One witness, however, argued that requiring service lines to be replaced would be a costly burden that would take resources away from other programs.
Angela Licata, the deputy commissioner of New York City’s Department of Environmental Protection, said she “appreciates that EPA’s proposal avoids setting unattainable mandates such as a deadline for the replacement of all lead service lines nationwide,” according to her prepared remarks.
“Compliance with such a mandate would take decades, cost billions of dollars, and would prevent water systems from allocating their limited budgets to other projects and initiatives that may deliver greater public health benefits,” she added.
The EPA’s proposed overhaul to the 1991 Lead and Copper Rule, unveiled last year, established a 10 parts per billion (ppb) “trigger” level at which cities would be required to reevaluate their water treatment processes and possibly add corrosion-control chemicals to city water.
At 15 ppb, cities would be required to replace the full length of all of the lead service lines in their system. They would only be required to replace 3 percent of lead service lines each year, less than the current requirement of 7 percent.
Proponents of the change say that the trigger level will allow for more proactive action.
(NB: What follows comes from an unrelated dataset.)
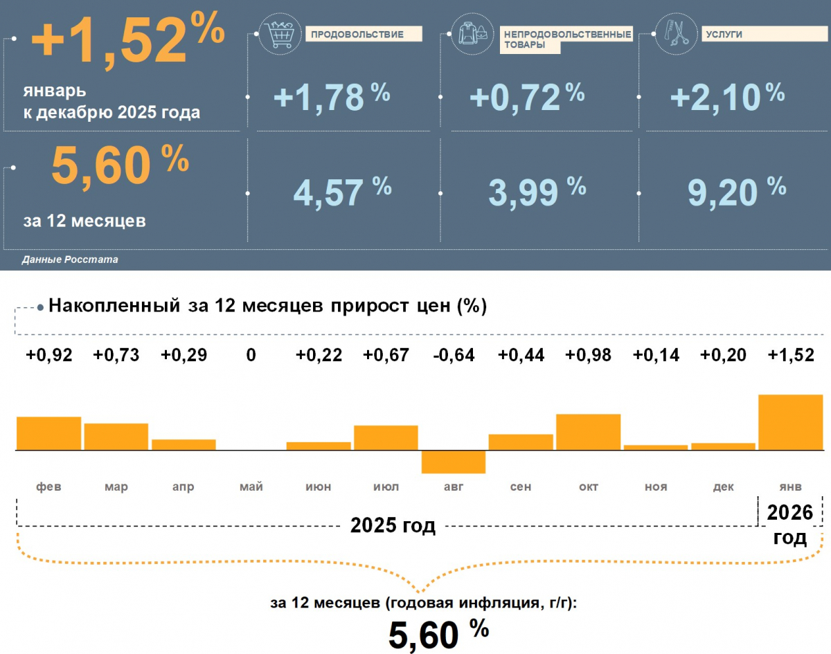 – Цены в Воронежской области в январе 2026 года выросли на 1,52% к декабрю 2025 года. Годовая инфляция увеличилась и составила 5,60%. Это ниже, чем в целом по стране (6,00%).

However, opponents have said that looser rules on how soon cities should replace their pipes will result in lead remaining in systems for more time. They also say the 15 ppb action level should be lower.
“It needs to be lower. It needs to go as low as possible. Five [ppb] would be way better. Zero [ppb] would be great,” Mae Wu, the Natural Resources Defense Council’s senior director of health and food, said on Tuesday.
Read more on the hearing here.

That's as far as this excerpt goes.